EN intervenant avec plus de 40 000 hommes en Tchétchénie, Boris Eltsine poursuivait au moins trois objectifs : proclamer l’unité de la Fédération russe, restaurer une popularité défaillante et montrer à l’étranger qu’il ne s’en laisserait pas conter. Il est en passe de les manquer tous les trois. Comme en témoigne l’histoire tourmentée des rapports entre le pouvoir central et les petits peuples du Caucase depuis le XVIIIe siècle, les montagnards tchétchènes sont parmi les plus rétifs au joug moscovite. Au lieu d’affirmer son emprise, le Kremlin risque de prouver son incapacité à contrôler autrement que par l’emploi permanent de la force l’immense territoire hérité de l’URSS.
LE président russe a beau reprendre les lieux communs qui ne sont pas tous faux sur les bandits tchétchènes, les mafieux et autres trafiquants d’armes ou de drogue, l’intervention reste profondément impopulaire. L’opinion redoute un nouvel enlisement et s’inquiète du coût de ce déploiement de forces pour une économie chétive ; les nationalistes ne savent aucun gré à Boris Eltsine d’avoir entonné leurs refrains ; les démocrates se détournent de lui et craignent pour les réformes ; une partie de l’armée répugne à se lancer dans une aventure hasardeuse.
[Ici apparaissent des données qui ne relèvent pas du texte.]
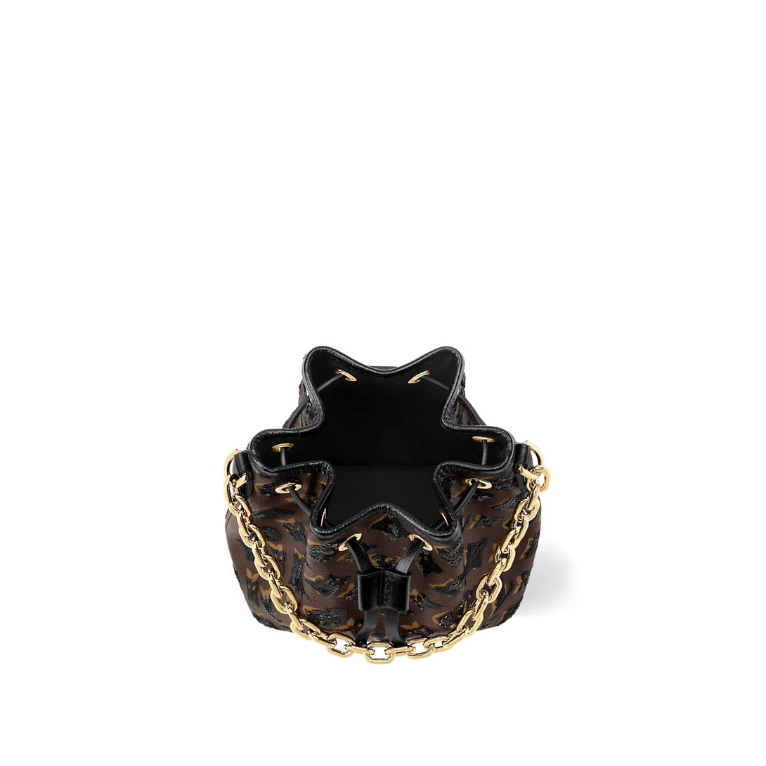 Description This Noé BB handbag is from the LV Ski collection. The canvas body is adorned with sparkling Monogram sequins, its lustrous appearance suitable for both country and city evenings. The dazzling chunky chain reinterprets the original 1932 design, and its perfect size makes it easy to carry essentials such as your favorite lipstick. 17.5 x 13 x 22 cm Monogram coated canvas/cowhide (height x width x length) It can hold a 6.7-inch smartphone, earphones, a Victorine wallet, keys, and lipstick. Fabric lining metal parts Shoulder strap: Detachable, not adjustable Bag strap half length: 46.0 cm Handle: Single handle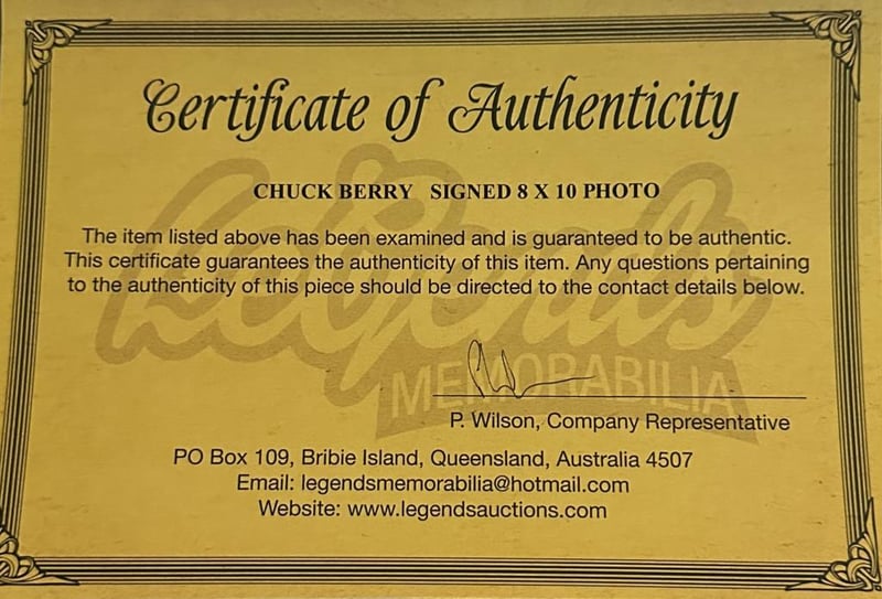 Chuck Berry Personally Signed 8 X 10 Photo. Chuck Berry Was An American Guitarist, Singer, And Songwriter, And One Of The Pioneers Of Rock And Roll. The Item Is Accompanied By A Certificate Of Authenticity.

Le président russe se retrouve encore plus seul, coupé des réalités du pays, donnant l’impression d’un pouvoir concentré entre les mains de quelques courtisans.
Sur le « front » extérieur, malgré l’indulgence des Occidentaux, les dégâts ne sont pas moins importants. Le Kremlin aurait voulu accréditer l’idée que les craintes traditionnelles des voisins de la Russie n’étaient pas exagérées qu’il ne s’y serait pas pris autrement. Il justifie ainsi ce qu’il voulait justement prévenir, c’est-à-dire une extension des institutions occidentales de sécurité vers l’Est. Sur la voie d’une Russie démocratique, l’intervention en Tchétchénie représente une immense régression.